» PROVIDED MATERIAL:

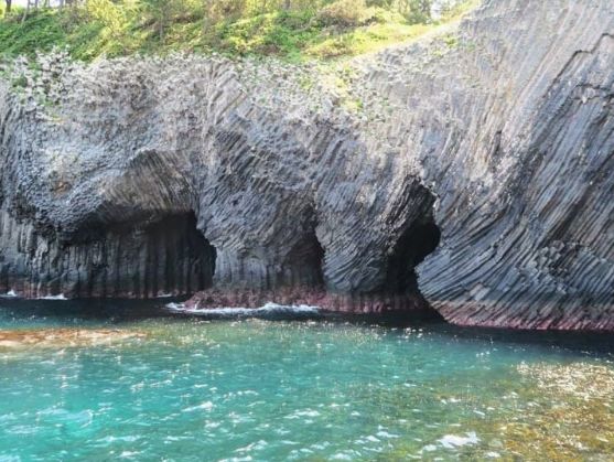 佐贺县北部沿海的七釜(ななつがま)是以奇岩出名的著名景观。由于火山喷发的的岩浆遇到海水后迅速冷却凝固而形成了各种形状各异的柱状岩石。
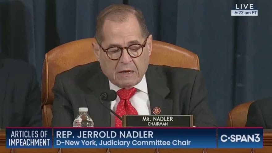 The House Democrats’ impeachment fantasy got even more absurd Thursday morning, when Rep. Jerrold Nadler introduced an amendment to the articles to replace the term ‘Donald J. Trump’ with ‘Donald John Trump.’
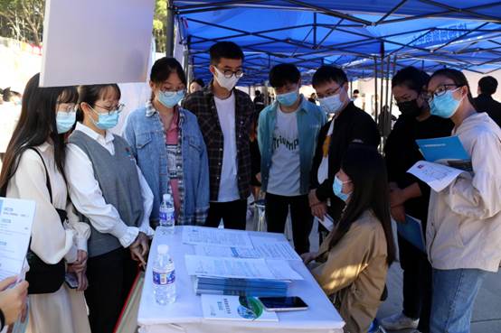 会场上,阳光和煦,人头攒动。毕业学子们着装整洁,积极地咨询就业相关情况。招聘会还吸引很多非毕业生前来咨询。
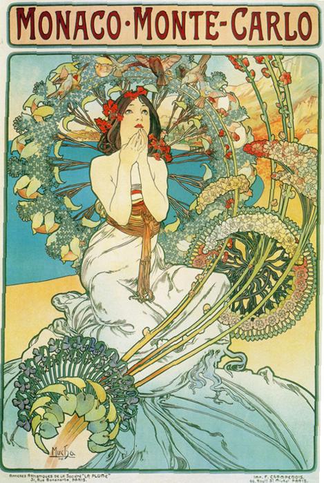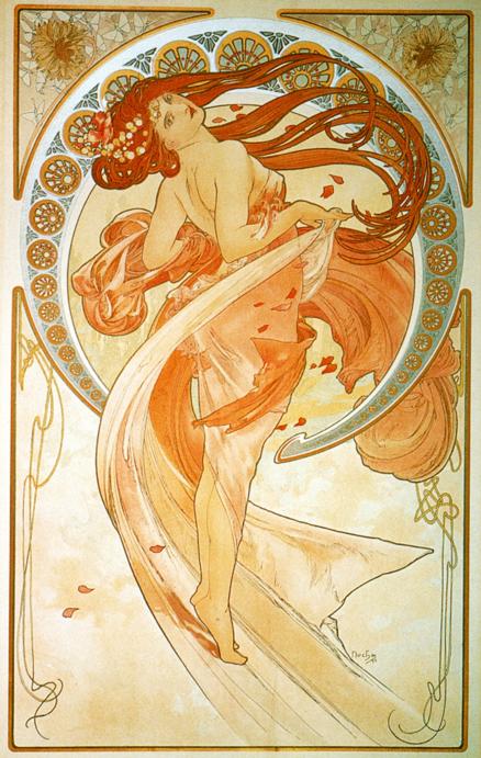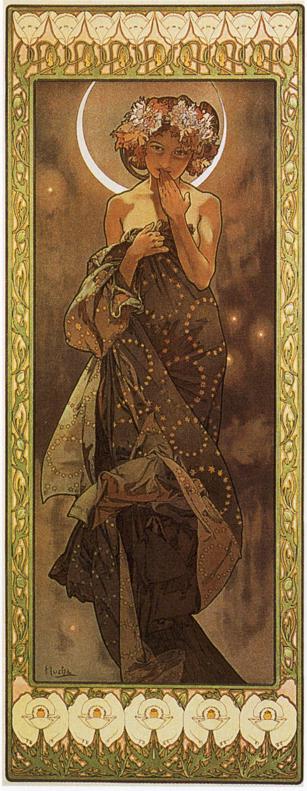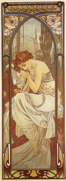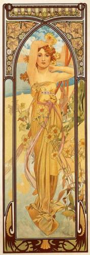 | Его стиль (в живописи, архитектуре, малых декоративных формах) так и назвали (и называют поныне) — «стилем Мухи». Или —«модерн», «югендстиль», «сецесьон». Название пришло из Франции. Да и самого художника в Европе порой считают французом. Но это не так. Альфонс Муха - выдающийся чешский художник, мастер театральной и рекламной афиши. Один из ярчайших представителей стиля модерн. Выдвинулся своими афишами для спектаклей театра «Ренессанс», парижского театра С.Бернар (Жисмонда, 1894; Дама с камелиями, 1896; Лорензаччо А.де Мюссе, 1896; Медея по мотивам Еврипида, 1898). Частично Альфонс Муха выступал и как дизайнер этих постановок: по его эскизам создавались не только платья, но и сценические ювелирные украшения. Альфонс Муха стал одним из ведущих художников французской рекламы; его композиции печатались в журналах либо в виде плакатов — с неизменной фигурой или головой томной дамы, погруженной в орнаментально-пестрый мир роскоши и неги. В том же «стиле Мухи» создавались и красочные графические серии (Времена года, 1896; Цветы, 1897; Месяцы, 1899; Звезды, 1902; все работы – акварель, тушь, перо), которые до сих пор тиражируются в виде арт-постеров. Собрал свои дизайнерские проекты (панно, витражей, ковров, мебели) в альбоме Декоративные документы (1901). Работал как книжный иллюстратор, исполнил декоративную живопись павильона Боснии и Герцеговины на Всемирной выставке в Париже (1900; не сохранилась) и Дома собраний в Праге (1910), нарисовал эскизы первых чехословацких почтовых марок и банкнот (1918). В 1913–1930 написал большой цикл Славянская эпопея (музей замка Моравски Крумлов); традиционно-академическая манера соединилась в этих полотнах, посвященных начальным главам истории чехов, поляков, русских и других народов Восточной Европы, с плоскостной ритмикой модерна. Из серии "Сезоны". 1896: Серия "Искусство". 1898: Цикл "Цветы". 1898: Из серии "Время суток". 1899: Из серии "Драгоценные камни". 1900: Из серии "Луна и звёзды". 1902: | |
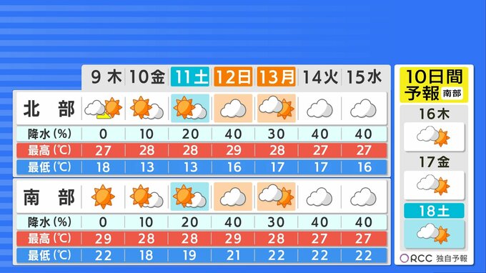 土曜日にかけておおむね晴れるでしょう。日曜日以降はすっきりしない天気が続く見込みです。最高気温は28℃前後の日が多く、厳しい残暑が続くでしょう。最低気温も平年より高い傾向が続きますが、北部では金曜日~土曜日が12℃から13℃の予想です。北部や内陸部を中心に一日の寒暖差が15℃近くになるため、寒暖差で体調を崩さないようご注意ください。
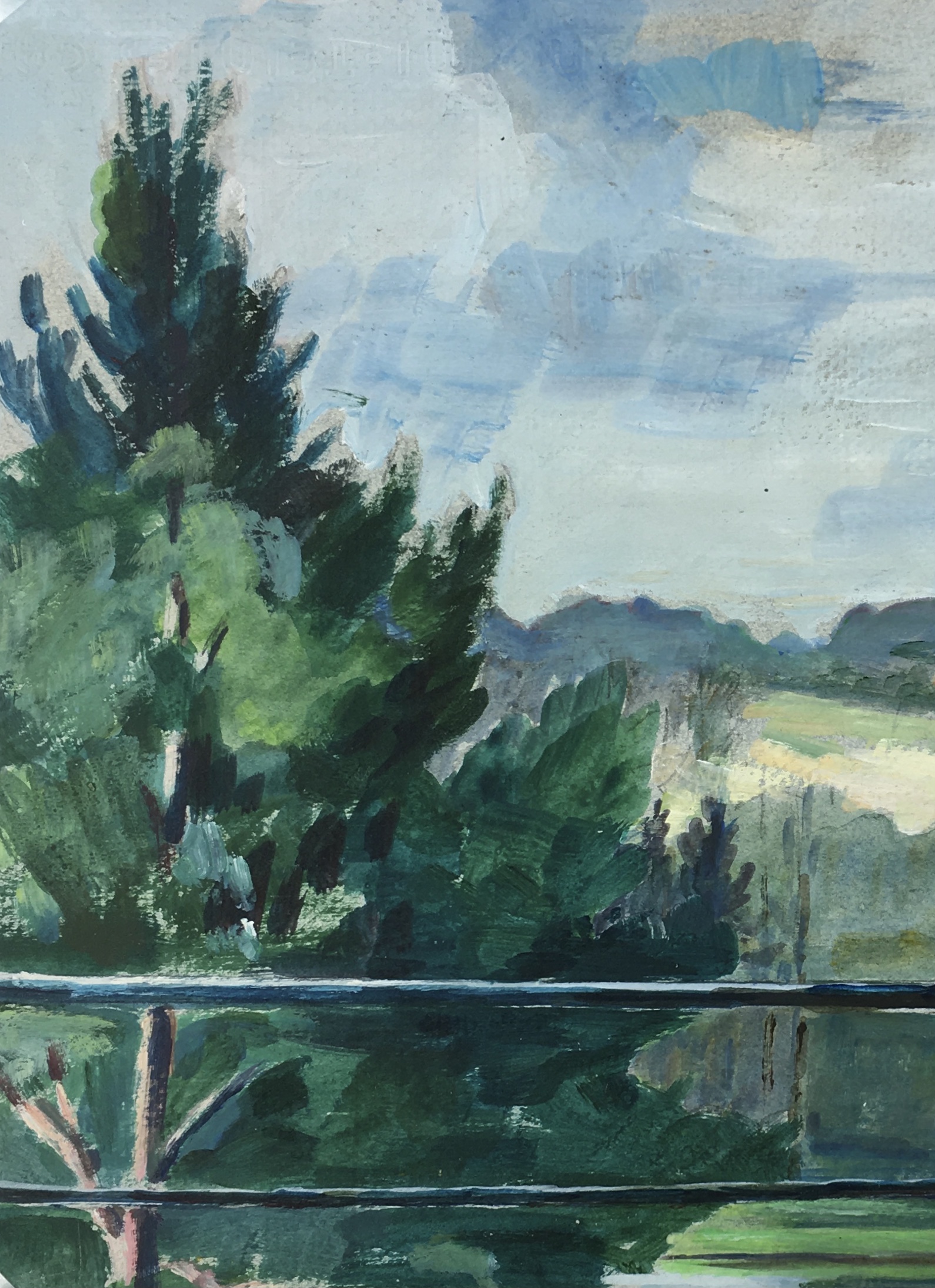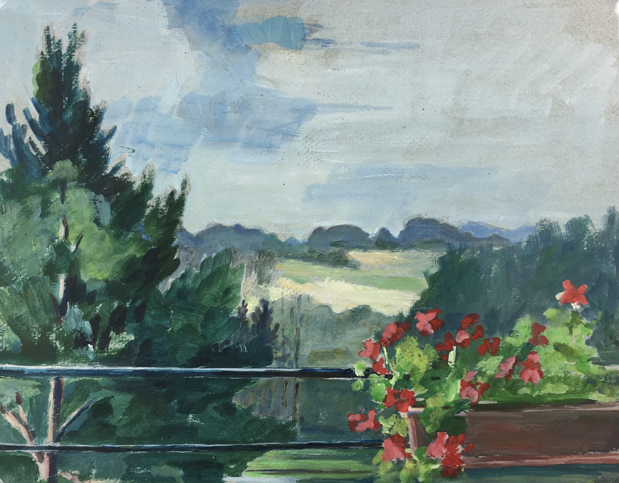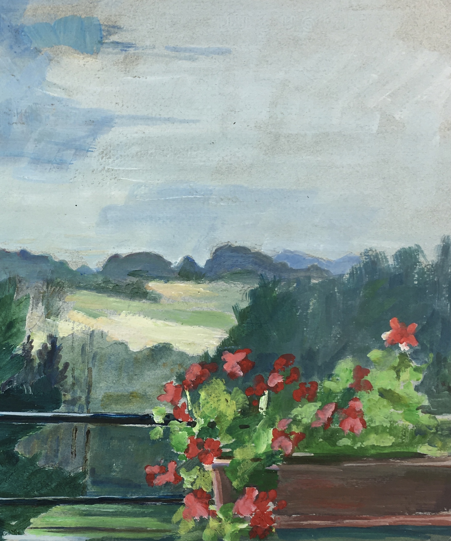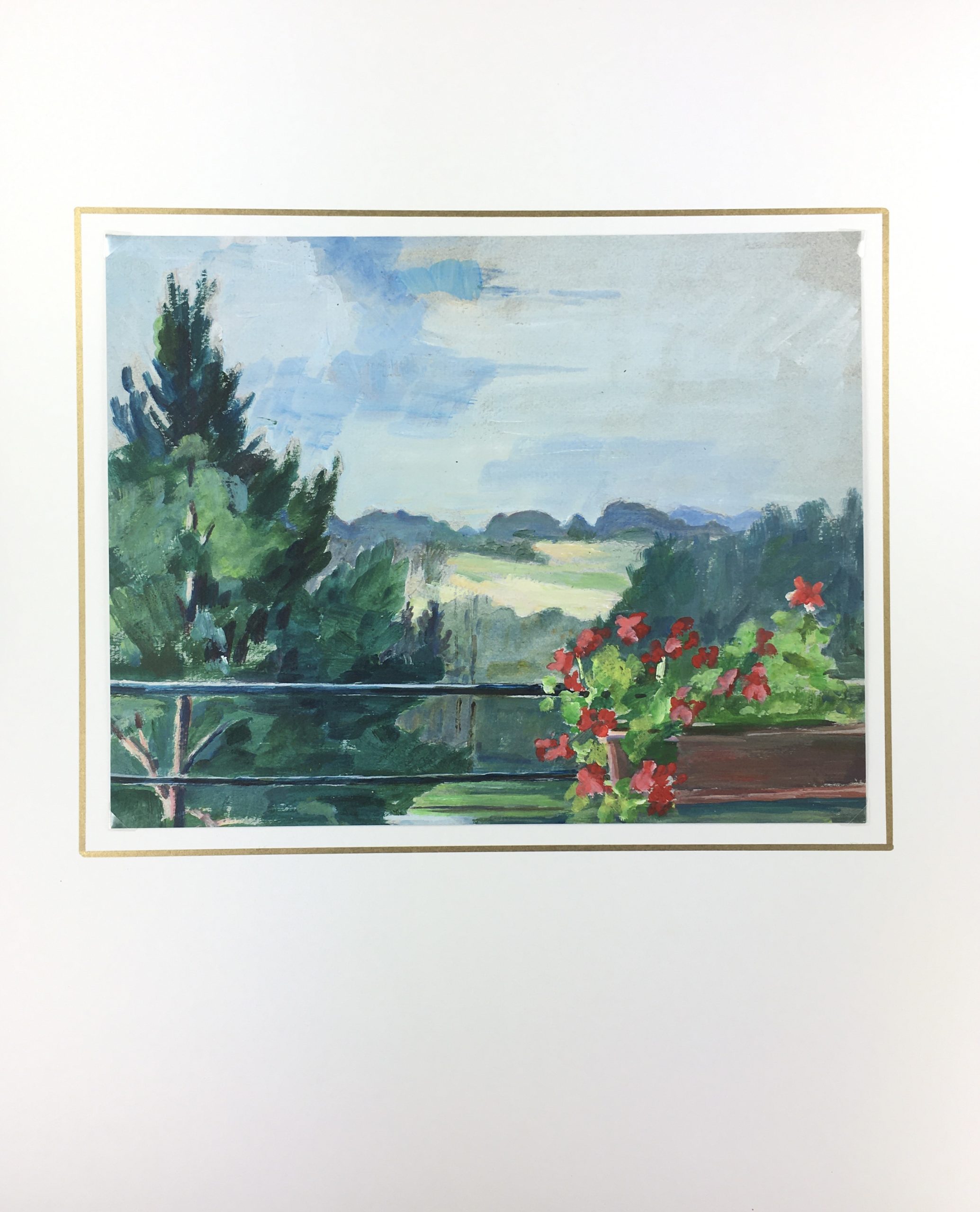 Original Art on paper displayed on a white mat with a gold border. Mat fits a standard-size frame. Archival plastic sleeve and Certificate of Authenticity included. Original Art, 12″W x 9.5″H; mat, 16″W x 20″H.
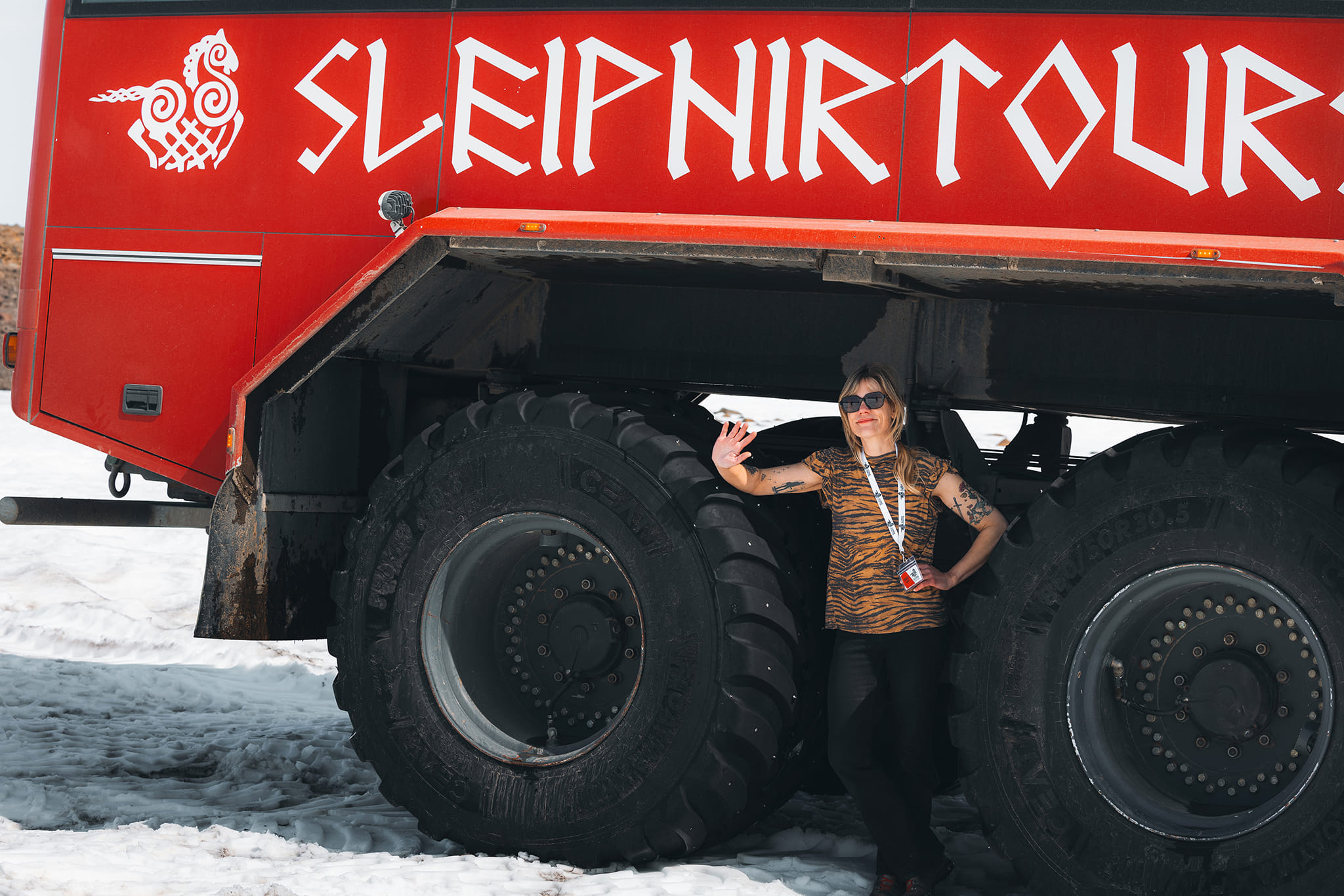 The Sleipnir Transfer Bus is waiting in the Upper Gullfoss parking lot. It’s a white bus marked on the side with “Sleipnir Glacier Tours Transfer.” Please be there 15 minutes before departure.
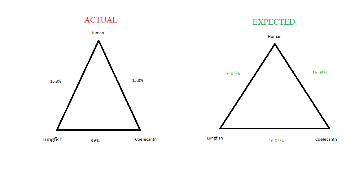 Below on the left (NOT TO SCALE) is a non-equilateral triangle where the lengths of each side are the measure of differences between the Cox1 proteins of human, coelacanth, and lungfish. That is the actual difference under the JTT metric, and as I said, it should be materially similar for any other reasonable metric.
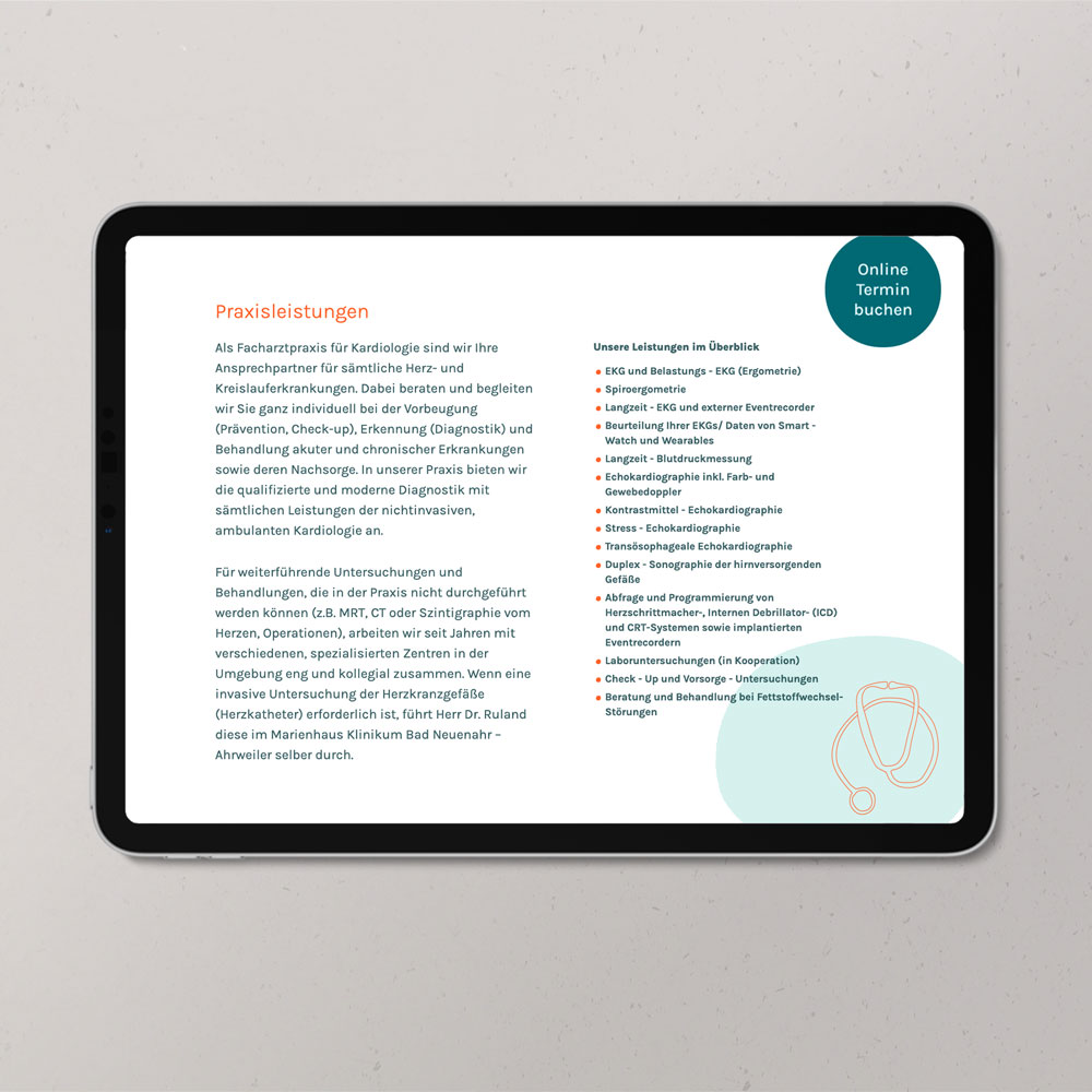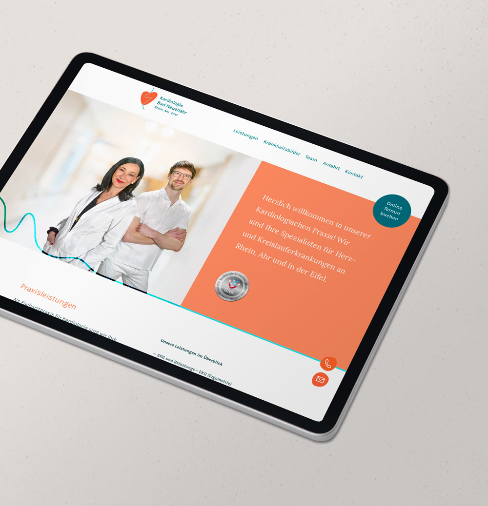 Projektumfang: Logo, Schriften, Farbkonzept, Bildsprache, Grafiken, Terminzettel, Webdesign | Kunde: Kardiologie Bad Neuenahr

» TASK TO CARRY OUT: Up to and including the line that holds "会场上,阳光和煦,人头攒动。", restate word for word each line of the records from their start, and only those lines, leaving out the pictures.

» OUTPUT BELOW:
 佐贺县北部沿海的七釜(ななつがま)是以奇岩出名的著名景观。由于火山喷发的的岩浆遇到海水后迅速冷却凝固而形成了各种形状各异的柱状岩石。
 The House Democrats’ impeachment fantasy got even more absurd Thursday morning, when Rep. Jerrold Nadler introduced an amendment to the articles to replace the term ‘Donald J. Trump’ with ‘Donald John Trump.’
 会场上,阳光和煦,人头攒动。毕业学子们着装整洁,积极地咨询就业相关情况。招聘会还吸引很多非毕业生前来咨询。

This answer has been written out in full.